Problem requirements:
From the line that holds "パンプキンパン・牛乳・ハンガリアシチュー・干ぴょうサラダ" to the end of the records, reproduce every line exactly. No pictures.

Dataset excerpts:
....

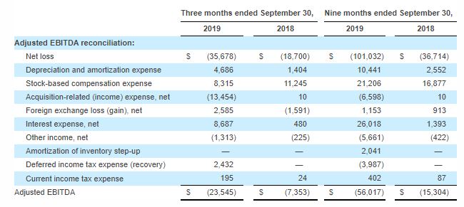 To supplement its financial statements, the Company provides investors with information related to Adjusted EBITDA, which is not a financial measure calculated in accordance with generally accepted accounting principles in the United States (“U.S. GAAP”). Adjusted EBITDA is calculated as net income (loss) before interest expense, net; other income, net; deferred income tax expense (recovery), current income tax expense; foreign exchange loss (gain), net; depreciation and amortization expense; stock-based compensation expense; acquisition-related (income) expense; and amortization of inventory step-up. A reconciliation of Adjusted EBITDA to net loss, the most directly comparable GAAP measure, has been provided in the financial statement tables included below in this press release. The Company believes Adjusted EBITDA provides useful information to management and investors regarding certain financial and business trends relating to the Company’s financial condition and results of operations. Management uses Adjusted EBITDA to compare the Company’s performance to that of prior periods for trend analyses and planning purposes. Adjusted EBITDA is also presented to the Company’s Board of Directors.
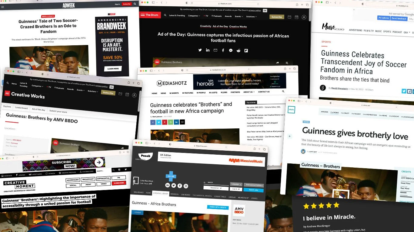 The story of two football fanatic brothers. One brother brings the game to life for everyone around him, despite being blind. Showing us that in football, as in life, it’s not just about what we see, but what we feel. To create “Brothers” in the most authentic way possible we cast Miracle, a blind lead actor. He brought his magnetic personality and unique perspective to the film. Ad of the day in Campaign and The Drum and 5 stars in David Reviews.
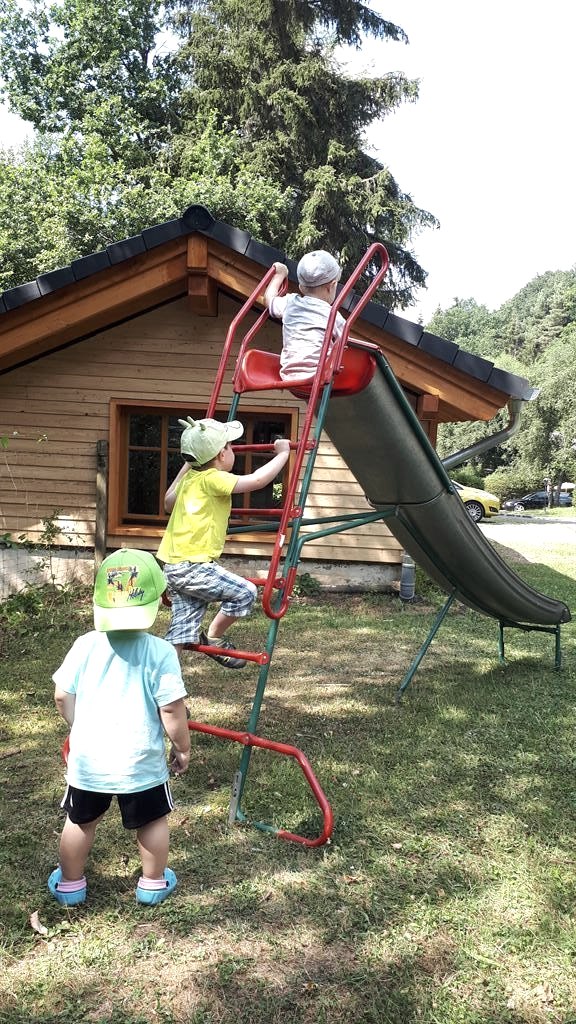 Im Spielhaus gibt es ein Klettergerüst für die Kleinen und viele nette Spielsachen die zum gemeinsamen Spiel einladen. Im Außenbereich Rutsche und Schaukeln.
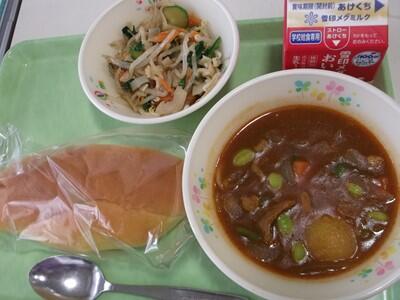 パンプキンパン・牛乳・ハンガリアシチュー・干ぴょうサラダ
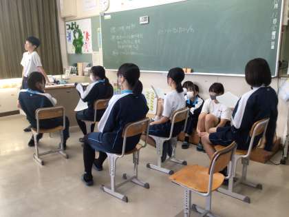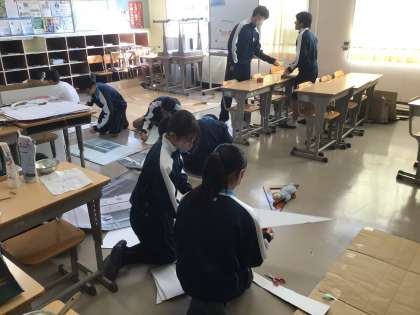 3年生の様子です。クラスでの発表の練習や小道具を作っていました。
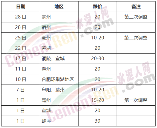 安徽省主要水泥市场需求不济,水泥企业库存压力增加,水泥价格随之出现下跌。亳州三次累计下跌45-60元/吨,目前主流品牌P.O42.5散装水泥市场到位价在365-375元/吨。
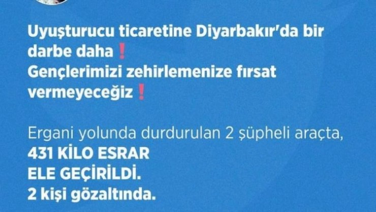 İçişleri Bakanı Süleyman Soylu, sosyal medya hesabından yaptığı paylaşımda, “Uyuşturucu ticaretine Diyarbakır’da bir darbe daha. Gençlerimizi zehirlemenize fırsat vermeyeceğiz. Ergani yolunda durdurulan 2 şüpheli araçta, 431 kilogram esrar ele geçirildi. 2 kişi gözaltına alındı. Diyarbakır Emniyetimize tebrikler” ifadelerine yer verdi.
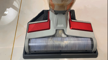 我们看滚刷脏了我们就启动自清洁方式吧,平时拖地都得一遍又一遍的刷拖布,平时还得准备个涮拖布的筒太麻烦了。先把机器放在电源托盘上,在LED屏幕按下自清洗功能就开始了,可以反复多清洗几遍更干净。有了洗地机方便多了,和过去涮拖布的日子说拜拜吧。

....

Reply:
 パンプキンパン・牛乳・ハンガリアシチュー・干ぴょうサラダ
 3年生の様子です。クラスでの発表の練習や小道具を作っていました。
 安徽省主要水泥市场需求不济,水泥企业库存压力增加,水泥价格随之出现下跌。亳州三次累计下跌45-60元/吨,目前主流品牌P.O42.5散装水泥市场到位价在365-375元/吨。
 İçişleri Bakanı Süleyman Soylu, sosyal medya hesabından yaptığı paylaşımda, “Uyuşturucu ticaretine Diyarbakır’da bir darbe daha. Gençlerimizi zehirlemenize fırsat vermeyeceğiz. Ergani yolunda durdurulan 2 şüpheli araçta, 431 kilogram esrar ele geçirildi. 2 kişi gözaltına alındı. Diyarbakır Emniyetimize tebrikler” ifadelerine yer verdi.
 我们看滚刷脏了我们就启动自清洁方式吧,平时拖地都得一遍又一遍的刷拖布,平时还得准备个涮拖布的筒太麻烦了。先把机器放在电源托盘上,在LED屏幕按下自清洗功能就开始了,可以反复多清洗几遍更干净。有了洗地机方便多了,和过去涮拖布的日子说拜拜吧。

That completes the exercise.